How do you assess the season so far?

All coaches had a head start on Giovanni Savarese, who started in the second half of the split season. He has done a remarkable job. There were defensive and offensive problems at the start of the season, but game by game there has been improvement. This Cosmos is growing. Will it be the same team next year? The best players will stay and reinforcements will come. But the immediate success this season is very unexpected. The Cosmos are on a path to the Soccer Bowl. Marcos Senna is the linchpin in the midfield. Some help up top is needed – Nuno Gomes would be unbelievable.

The old Cosmos fell apart as there was no business model to keep them sustainable in the early eighties. New York now has the New York Red Bulls in New Jersey, the newly launched New York City FC, backed by the New York Yankees and Manchester City, and the New York Cosmos. Problematic in a sense that three soccer clubs in the metropolitan area of New York are economically not viable?

There simply can’t be enough quality soccer in New York. The population of the Tri State area is probably about twelve million. Soccer should be the biggest sport in the metropolitan area and can easily have three clubs. London has twelve. I think New Yorkers are sophisticated soccer fans. If the Red Bulls, the New York Cosmos and Manchester City provide quality soccer, there will be more than enough fans to support three clubs. The Cosmos are doing it the right way. They are not concerned with the MLS or another club. The Cosmos are focused on building their own soccer club. When you look at the Tri State area, Belmont is an ideal location for the Cosmos [in the future]. There are a million fans on Long Island, there is Queens and Brooklyn. For the Red Bulls New Jersey is their market and for Manchester City – who knows where they end up playing?

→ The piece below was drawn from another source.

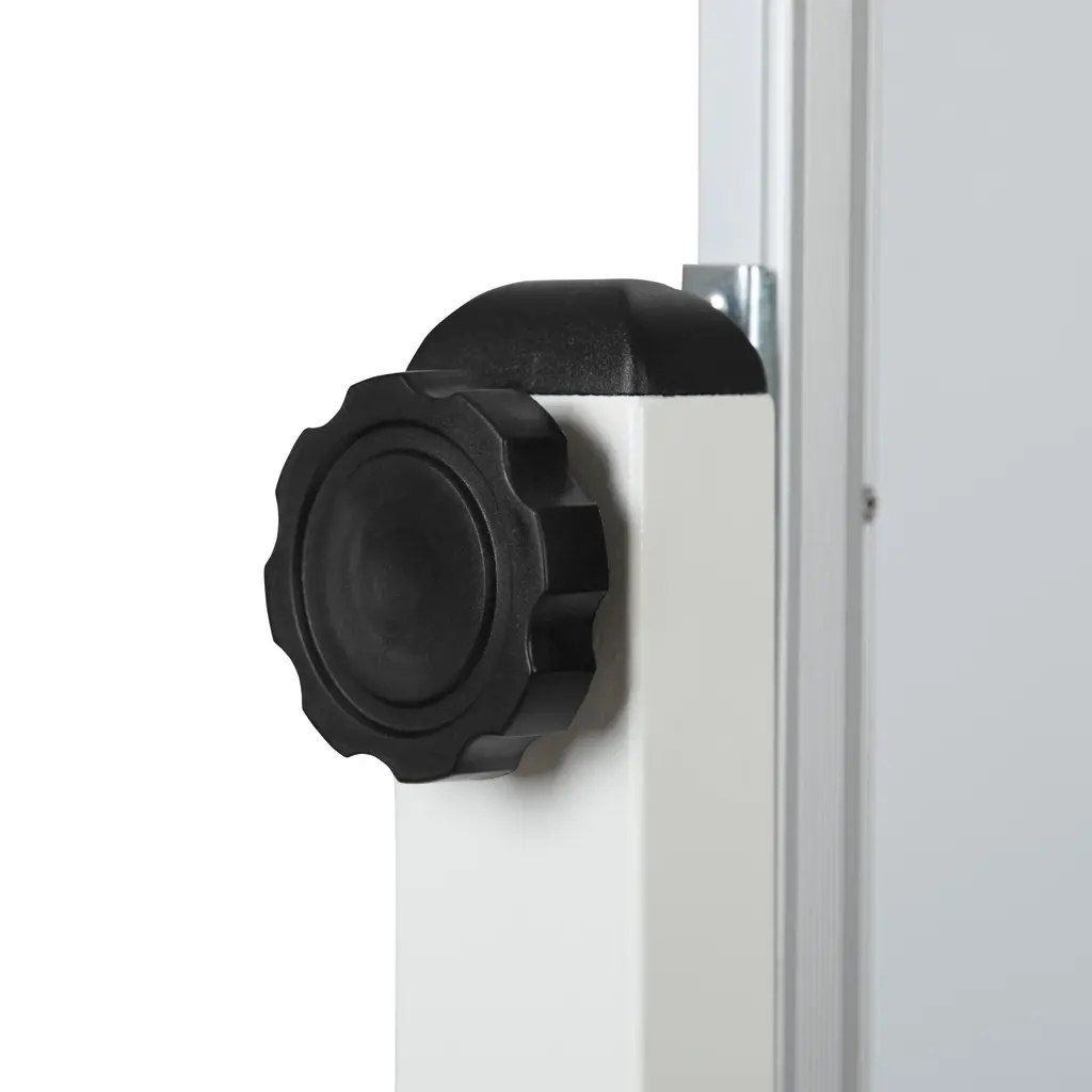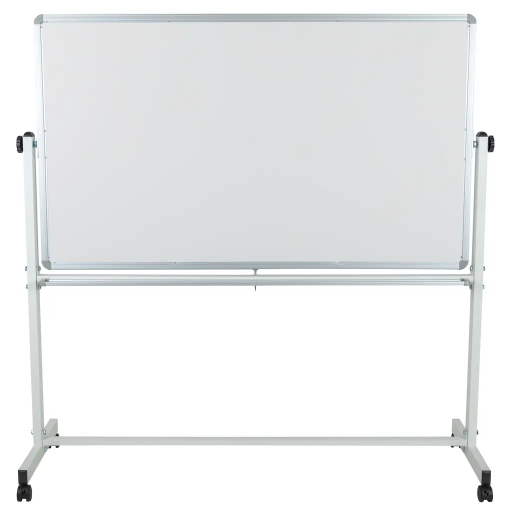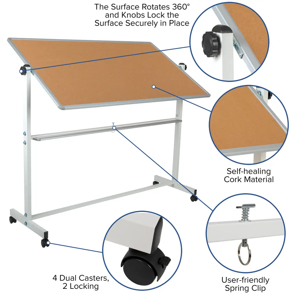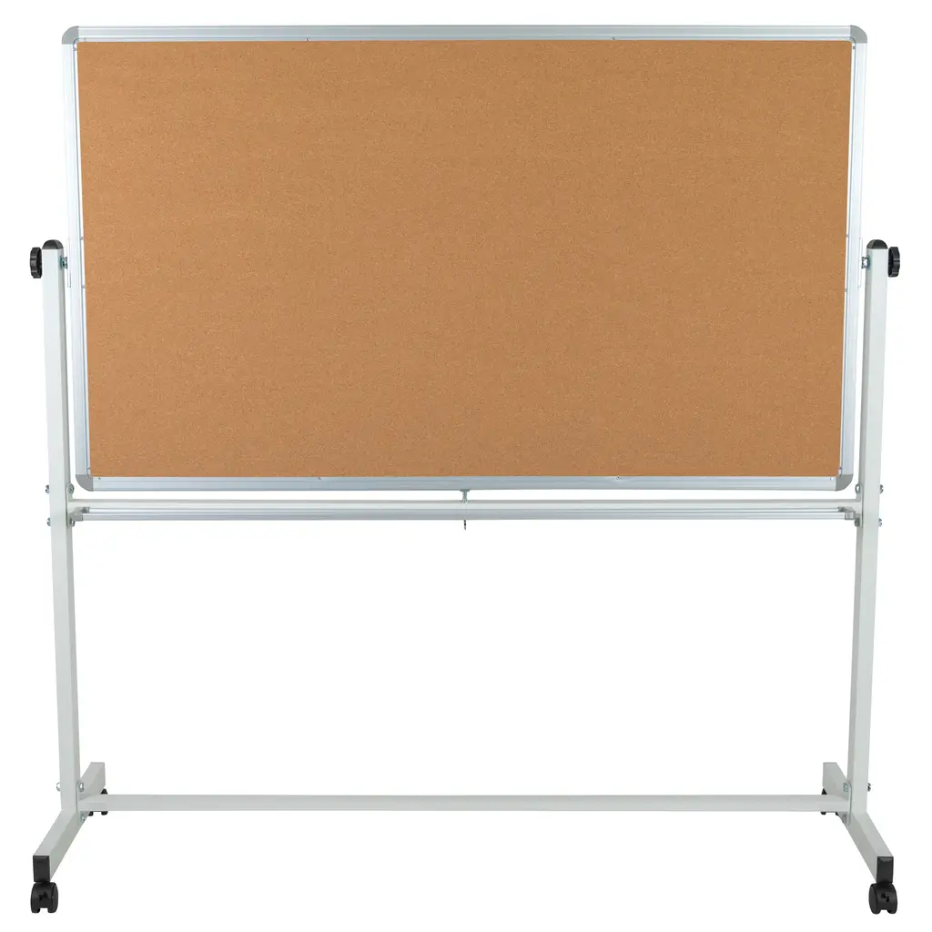 Keep up with the daily demands of your classroom with a multipurpose mobile board. This convenient freestanding cork board can be placed near the front of the classroom for pupils to get the latest school news or obtain classroom information before the start of class. Once you're ready to start your session, roll to the center of the room, flip and use the dry erase side for lessons. Interact with colleagues and clients with the aid of a reversible cork board and whiteboard. Write out your plans, ideas and budgets on the dry erase side, flip over to display outlines and blueprints. The mobile board will allow you to roll the board around the conference room or keep it centered at the front of the table for a clear view around the room. The combo rolling board offer some great features: - Magnetic dry erase surface to hang up documents - - Includes 6 magnets - - Spring clip secures board while in use; pull down to activate flipping motion - - Marker tray to hold markers, pens and laser pointers - - Self-healing natural cork material, eliminating large puncture holes - - Two front-wheel locking casters to lock the freestanding board in place - From school to office, the reversible cork board and dry erase combo will outperform your standard wall board by providing you with the flexibility to mobilize your lessons or presentations.

Last question: what is the craziest thing Shep Messing ever did during his soccer career?

Goalkeepers are quirky and superstitious and they are not above cheating when they have to. In every game I ever played, including the championship game against Seattle in Portland, I carried in my goalkeeper shorts a large – maybe three inch – safety pin. I would have that safety pin pinned to the band of the inside of my shorts. On a corner kick – if there was traffic in front of the goal – I would take the safety pin out and stab the opposition with it to get room for myself. Mike England, who had played for Wales, was giving me a rough time and I stabbed him in the back of the hip near the 80th minute. He never came close to me again. The referee would never see it. One little jab of the pin and back into my shorts. You do what you have to do to win the game!